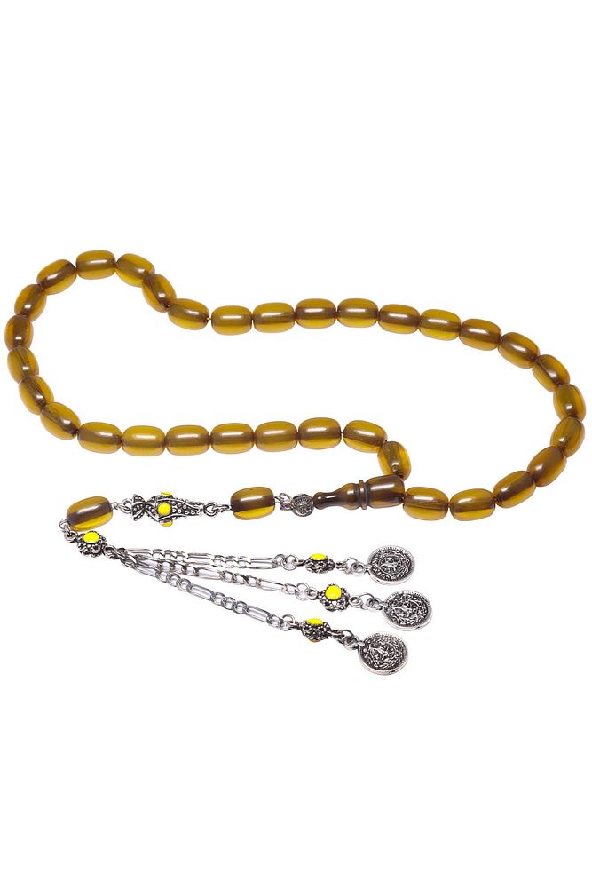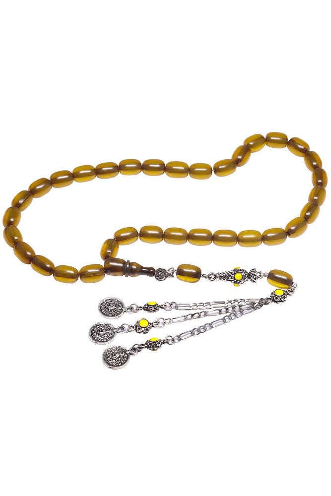 Sertifikalı Sarı Renkli Kapsül Osmanlı Benzetmesi Çubuk Sıkma Kehribar Tesbih
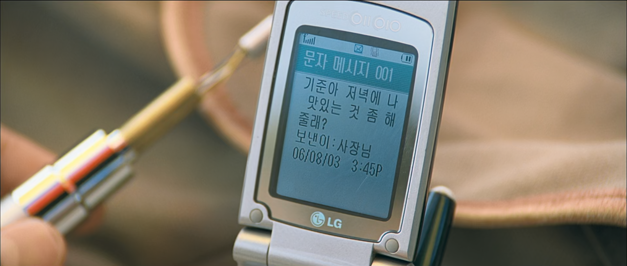 이한규: (송지원이 미행하여 자신의 통화를 도청 중이라는 사실을 모른 채, 영국에 있는 딸에게 전화한다.) 알버트가 피아노 가르쳐 줬어? 새 아빠 좋아? 아빠가 더 좋아? 생일 선물로 뭐 갖고 싶어? 디카? 그건 그쪽에도 사도 되잖아. 아빠가 돈 더 보내줄 테니까 엄마한테 사달라고 그래. (명절이라 바쁜 일도 전혀 없으면서) 아빠 바빠서 그만 끊을게.
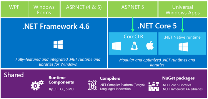 .NET 2015 is the next generation of .NET, its components and tools. .NET 2015 is the .NET universe with all application types including Windows Forms, WPF, ASP.NET and Universal Windows Apps. It also includes .NET Framework 4.6, .NET Core 5, Runtime components, compilers and more.
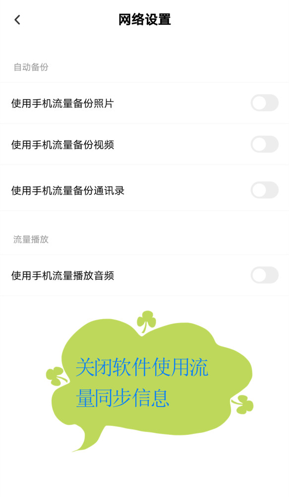 很多软件都会向后台同步我们的数据,特别是网盘这种专门给我们备份数据的软件。每进行一次数据同步,就会用去我们少则几个GB,多则几十个GB的流量。关闭软件使用流量同步信息,等到有WiFi了再同步,可以帮我们节约下一笔不少的流量。
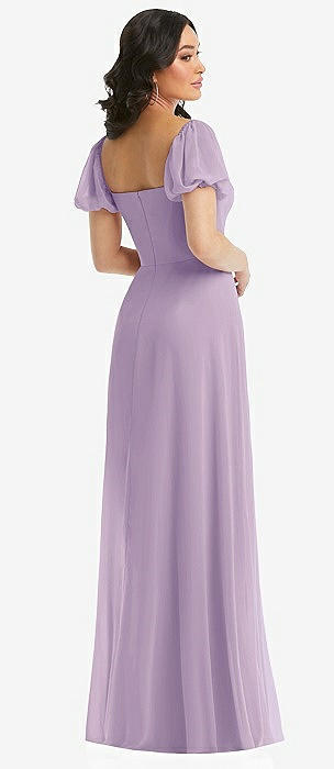 Off-the-Shoulder Basque Neck Maxi Dress with Flounce Sleeves in pale purple
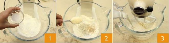 Para realizar la charlotte salada empezad con la preparación del pan brioche: tamizad las harinas en el bol de una amasadora con el accesorio de pala. Agregad el azúcar 1, la nuez moscada rallada, el queso parmesano rallado 2 y la levadura deshidratada. Poned en marcha la pala a velocidad media e incorporad también los líquidos: la leche 3 y el agua a temperatura ambiente.
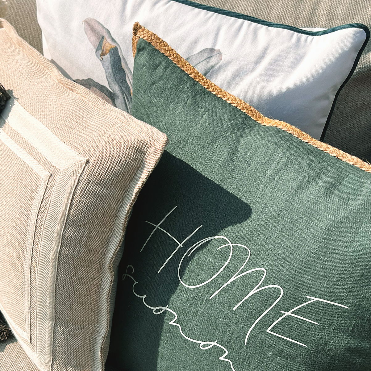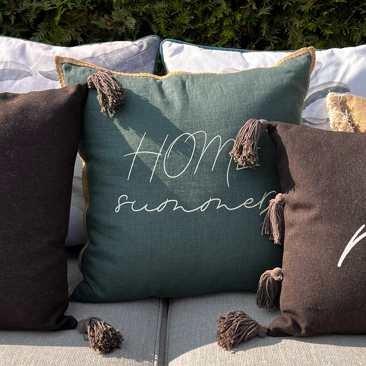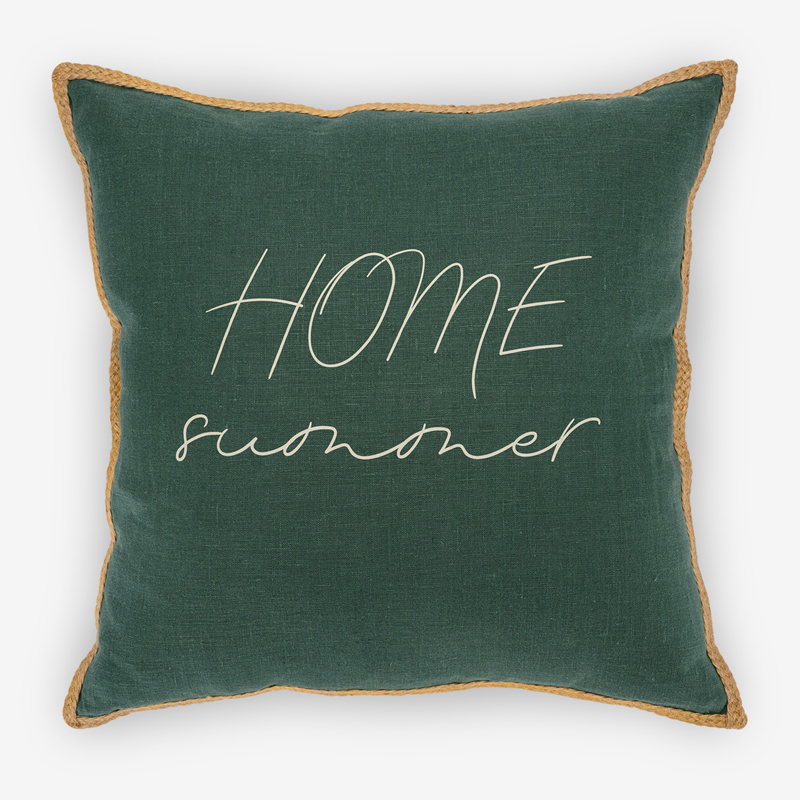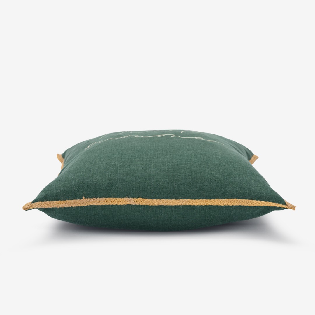 Запросить индивидуальное предложениеДекоративная подушка HOME SUMMER изготовлена из льна натуральго зеленого оттенка и декорирована джутовой тесьмой по краю.
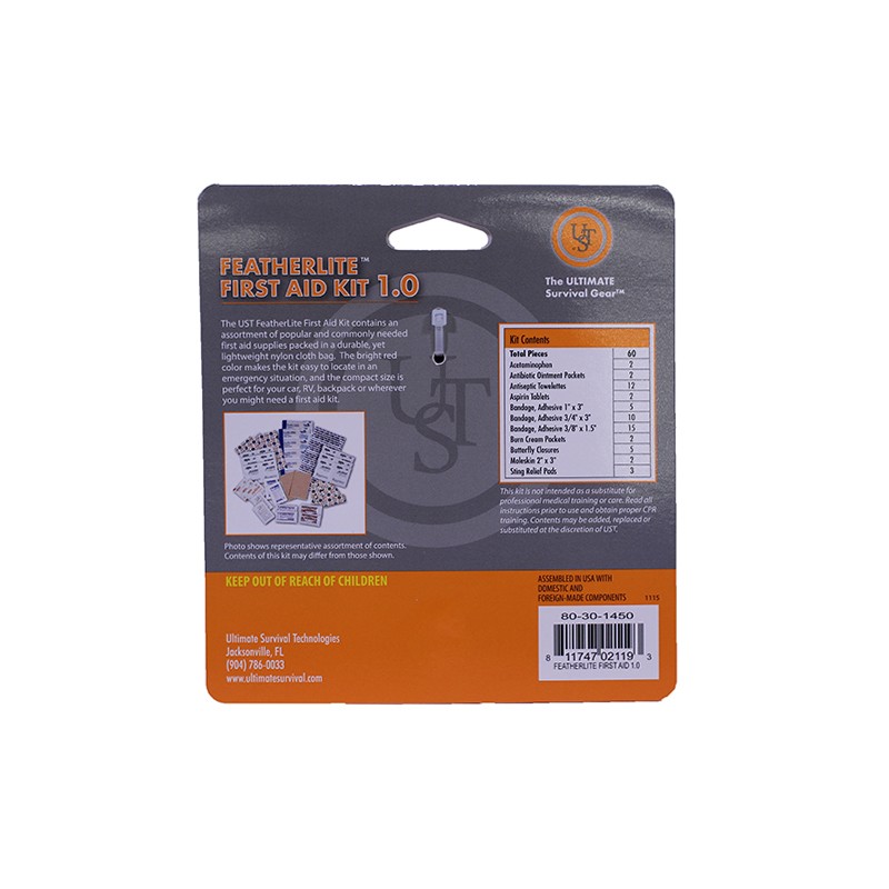 The FeatherLite First Aid Kit 1.0 contains an assortment of first aid supplies needed to treat a variety of minor injuries. The outer case is constructed of durable, lightweight nylon cloth that is bright red to make it easy to locate. A detailed First Aid Kit Owners Guide is also included with basic first aid instructions.
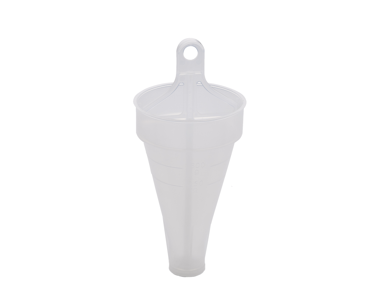 Kunststofftrichter zur Salznachfüllung im Thermodesinfektor (RDG). Der Trichter verfügt über einen Verschluss an der Unterseite. Das Salz wird einfach vorab in die breite Öffnung des Trichters geschüttet. Eine Markierung hilft beim Abmessen der gewünschten Menge. Anschließend wird der Trichter auf die Öffnung der Salzkammer gesetzt. Beim Aufsetzen des Trichters öffnet sich der Verschluss, so dass das Salz in die Kammer rieseln kann.
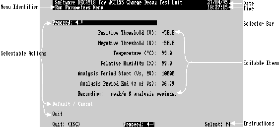The Run Parameters Menu is shown at figure 10.1 below (also figure 2.2 above). It has a Proceed action, seven editable items, Default / Cancel and Quit actions.
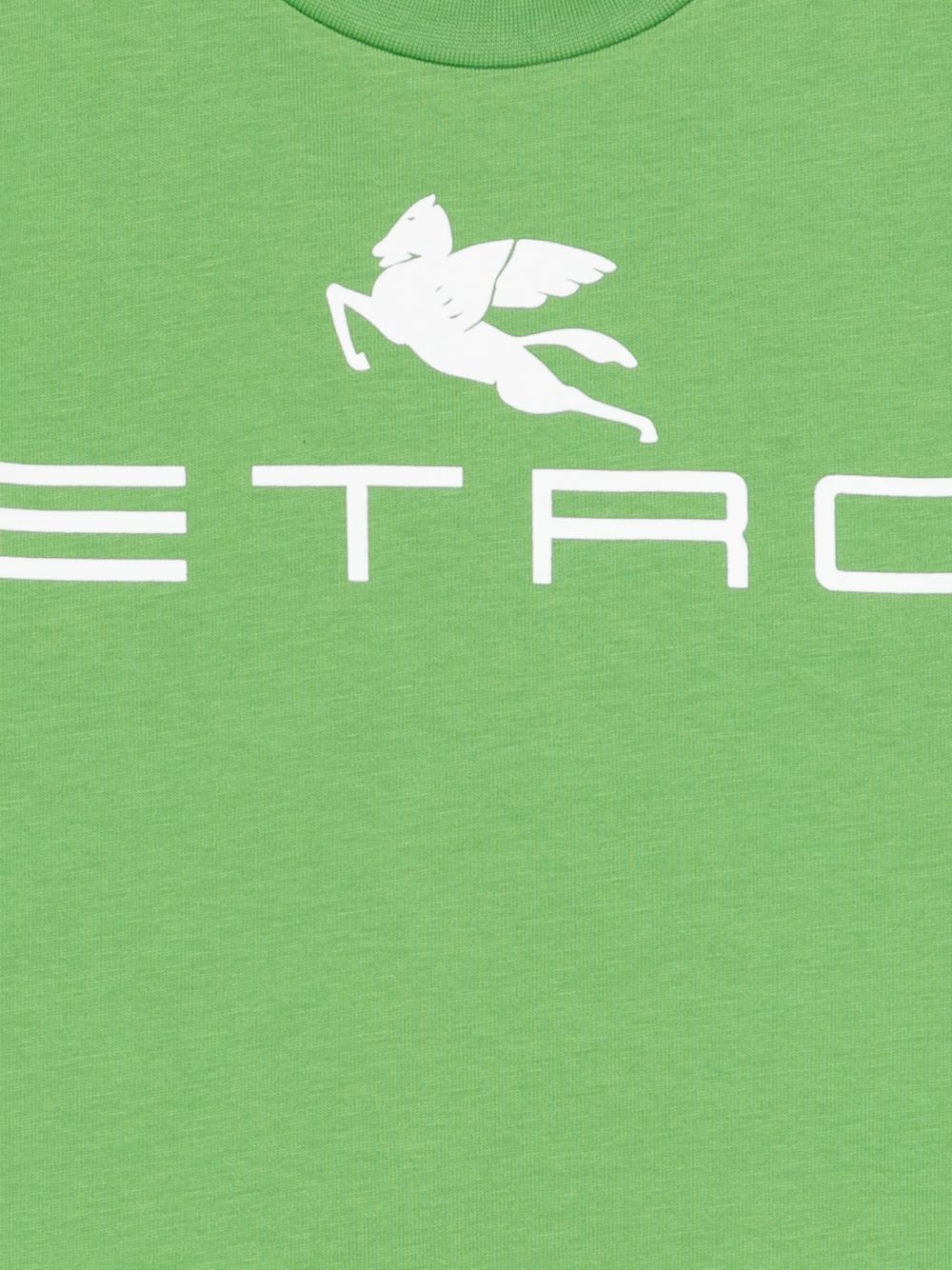 T-shirt in cotone verde con logo centrale, orlo dritto, maniche corte

**ASSIGNMENT:** The material should be returned verbatim, with all images omitted.

**RESULT OF THIS EXERCISE:**
 Sertifikalı Sarı Renkli Kapsül Osmanlı Benzetmesi Çubuk Sıkma Kehribar Tesbih
 이한규: (송지원이 미행하여 자신의 통화를 도청 중이라는 사실을 모른 채, 영국에 있는 딸에게 전화한다.) 알버트가 피아노 가르쳐 줬어? 새 아빠 좋아? 아빠가 더 좋아? 생일 선물로 뭐 갖고 싶어? 디카? 그건 그쪽에도 사도 되잖아. 아빠가 돈 더 보내줄 테니까 엄마한테 사달라고 그래. (명절이라 바쁜 일도 전혀 없으면서) 아빠 바빠서 그만 끊을게.
 .NET 2015 is the next generation of .NET, its components and tools. .NET 2015 is the .NET universe with all application types including Windows Forms, WPF, ASP.NET and Universal Windows Apps. It also includes .NET Framework 4.6, .NET Core 5, Runtime components, compilers and more.
 很多软件都会向后台同步我们的数据,特别是网盘这种专门给我们备份数据的软件。每进行一次数据同步,就会用去我们少则几个GB,多则几十个GB的流量。关闭软件使用流量同步信息,等到有WiFi了再同步,可以帮我们节约下一笔不少的流量。
 Off-the-Shoulder Basque Neck Maxi Dress with Flounce Sleeves in pale purple
 Para realizar la charlotte salada empezad con la preparación del pan brioche: tamizad las harinas en el bol de una amasadora con el accesorio de pala. Agregad el azúcar 1, la nuez moscada rallada, el queso parmesano rallado 2 y la levadura deshidratada. Poned en marcha la pala a velocidad media e incorporad también los líquidos: la leche 3 y el agua a temperatura ambiente.
 Запросить индивидуальное предложениеДекоративная подушка HOME SUMMER изготовлена из льна натуральго зеленого оттенка и декорирована джутовой тесьмой по краю.
 The FeatherLite First Aid Kit 1.0 contains an assortment of first aid supplies needed to treat a variety of minor injuries. The outer case is constructed of durable, lightweight nylon cloth that is bright red to make it easy to locate. A detailed First Aid Kit Owners Guide is also included with basic first aid instructions.
 Kunststofftrichter zur Salznachfüllung im Thermodesinfektor (RDG). Der Trichter verfügt über einen Verschluss an der Unterseite. Das Salz wird einfach vorab in die breite Öffnung des Trichters geschüttet. Eine Markierung hilft beim Abmessen der gewünschten Menge. Anschließend wird der Trichter auf die Öffnung der Salzkammer gesetzt. Beim Aufsetzen des Trichters öffnet sich der Verschluss, so dass das Salz in die Kammer rieseln kann.
The Run Parameters Menu is shown at figure 10.1 below (also figure 2.2 above). It has a Proceed action, seven editable items, Default / Cancel and Quit actions.
 T-shirt in cotone verde con logo centrale, orlo dritto, maniche corte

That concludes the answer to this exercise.